Improving Video Highlight Detection via Unsupervised Learning and Test-Time Adaptation
Date
2025-06-24
Authors
Journal Title
Journal ISSN
Volume Title
Publisher
ORCID
0000-0001-8246-632X
Type
Thesis
Degree Level
Masters
Abstract
With the exponential surge of video content driven by the ubiquity of digital cameras and ever-expanding social networks, there is a pressing need for efficient automated methods to access, manage, and curate video data. Consequently, video highlight detection has emerged as an area of research with significant traction in the computer vision community. The objective of video highlight detection is to automatically extract key segments from a long input video to create a short highlight video containing the most important and exciting moments. This technology is highly beneficial for enhancing user engagement and streamlining video content curation by providing quick access to the most significant moments in the video. In this thesis, we tackle two major limitations of current video highlight detection approaches to advance the state of the art. First, most existing methods depend heavily on expensive, manually annotated frame-level highlight labels for supervised training. To overcome this bottleneck, we focus on unsupervised video highlight detection, thereby eliminating reliance on costly human annotations. We propose a novel unsupervised audio-visual highlight detection framework that exploits inherent recurring patterns within both audio and visual modalities of videos as self-supervisory signals to train the highlight detection model. Second, existing models often exhibit limited generalization to unseen test videos, as they rely on generic highlight detection models trained on fixed datasets.
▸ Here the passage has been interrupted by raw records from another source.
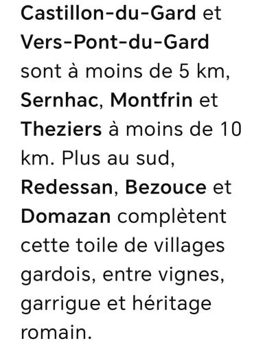 L’hébergement Maison de village à deux pas de la rivière vous accueille à respectivement 22 km et 23 km de ces lieux d’intérêt : Gare d'Avignon-Centre et Palais des Papes d'Avignon. Il propose une connexion Wi-Fi gratuite et une terrasse. Cette maison de vacances est à respectivement 24 km et 32 km de : Gare TGV d'Avignon et Parc des expositions d'Avignon. Cette maison de vacances avec climatisation se compose de 1 chambre, d'un salon, d'une cuisine entièrement équipée avec un réfrigérateur et une machine à café, ainsi que de 1 salle de bains avec une douche et des articles de toilette gratuits. Des serviettes et du linge de lit sont disponibles. Vous séjournerez à respectivement 32 km et 37 km de ces lieux d’intérêt : Parc des expositions de Nîmes et Arènes d'Arles. |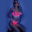 This alluring bra and panty set highlights your curves with its neon glow-in-the-dark colouring and sexy open cupless and crotchless designs to expose your assets. The Fantasy Lingerie Sweet Escape Lingerie Set has a high-cut panty leg makes your legs look miles long while also emphasising your hips and rear cheeks for a showstopper look from all angles. The underwired adjustable bra cup design provides some lift and support while the adjustable cage strap-style hook-and-eye closure and shoulder straps offer you your perfect fit. For extra visual impact, you can grab a pair of nipple pasties (sold separately) to spice up your bedroom fun once the lights go out!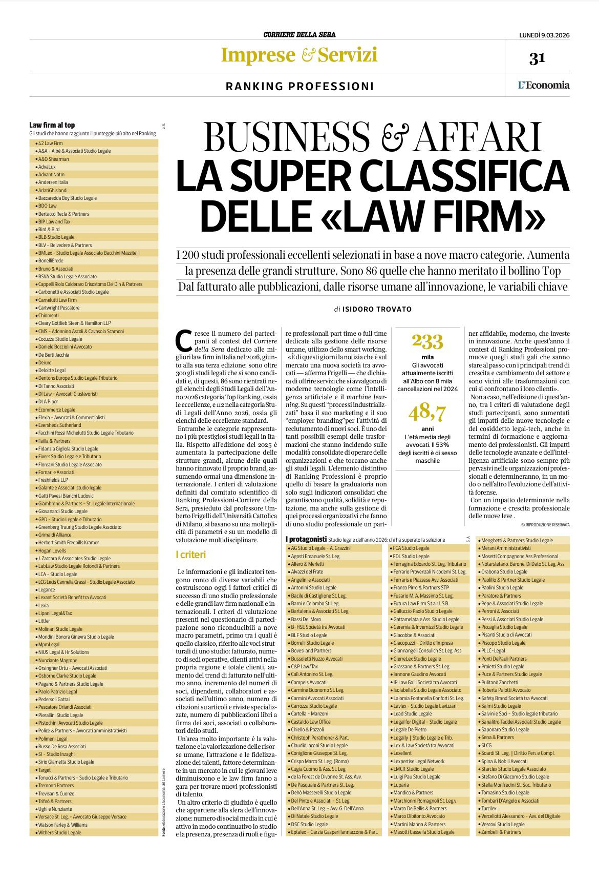 Lo Studio Legale Baccaredda Boy è entrato nel Top Ranking Studi Legali 2024 curato dal Corriere della Sera, iniziativa curata dal noto quotidiano nazionale con la volontà di testare gli studi legali più strutturati d’Italia e la loro capacità di innovare, di valorizzare donne e giovani, di svolgere attività collaterali.
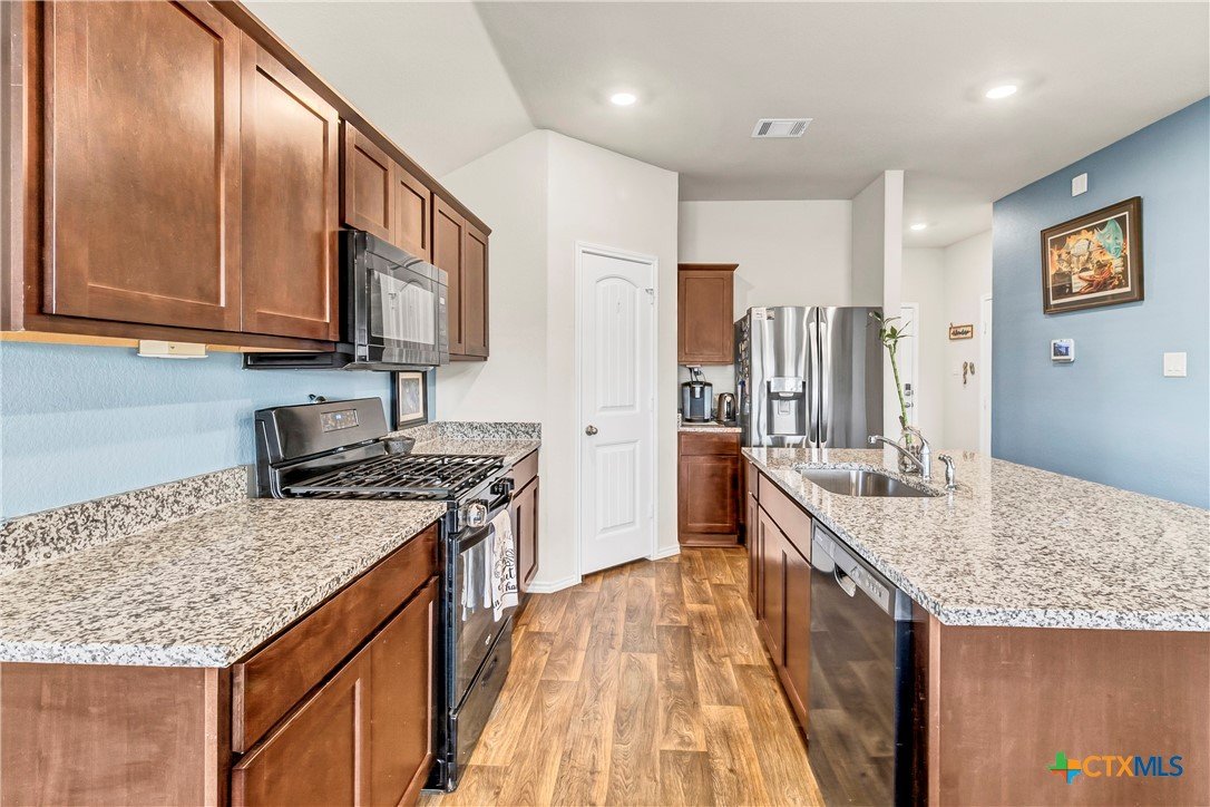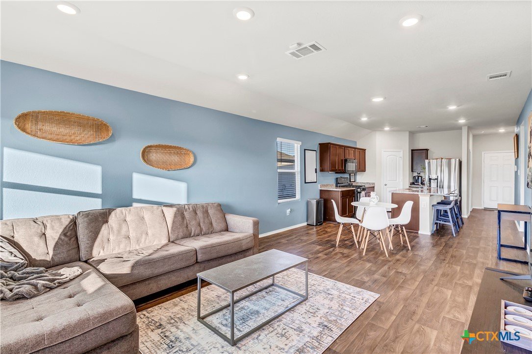 4 Bedrooms and backs to Greenspace! It is rare to find a 4-bedroom home at such an affordable price- and this one also backs up to 40 acres of parkland! This single-story home sits on an extra-wide lot backing directly to protected greenspace. Four spacious bedrooms in this single-level layout. The generous backyard showcases stunning views of the adjacent parkland – perfect for watching spectacular sunsets or enjoying the diverse bird population that visits throughout the year. Everything is move-in ready with a new roof and all major systems – heat pump HVAC, water heater, and appliances – only 3 years young! Home is still under structural warranty. Cottonwood Creek is a friendly, close-knit neighborhood that comes alive during holidays, creating a magical experience for trick-or-treaters and a welcoming atmosphere year-round. This combination of modern construction, outdoor tranquility, and community warmth creates a truly exceptional place to call home.

This leads to suboptimal performance on unseen test videos due to domain shifts and unique video-specific characteristics not captured during training. To address this, we introduce test-time adaptation (TTA) for video highlight detection. Specifically, we propose Highlight-TTA, a TTA framework that uses a self-supervised auxiliary task, called cross-modality hallucinations, within a meta-auxiliary training scheme to improve both adaptation and highlight detection performance on unseen test videos. Extensive experiments and ablation studies on benchmark video highlight detection datasets demonstrate the effectiveness of our unsupervised learning approach and the proposed TTA framework. We believe this thesis has the potential to broadly influence research on annotation-efficient and more generalizable techniques applicable to a wider spectrum of video understanding tasks, including video moment localization, video captioning, and activity recognition.
Description
Keywords
Video highlight detection, Unsupervised learning, Test-time adaptation
Citation
Degree
Master of Science (M.Sc.)
Department
Computer Science
Program
Computer Science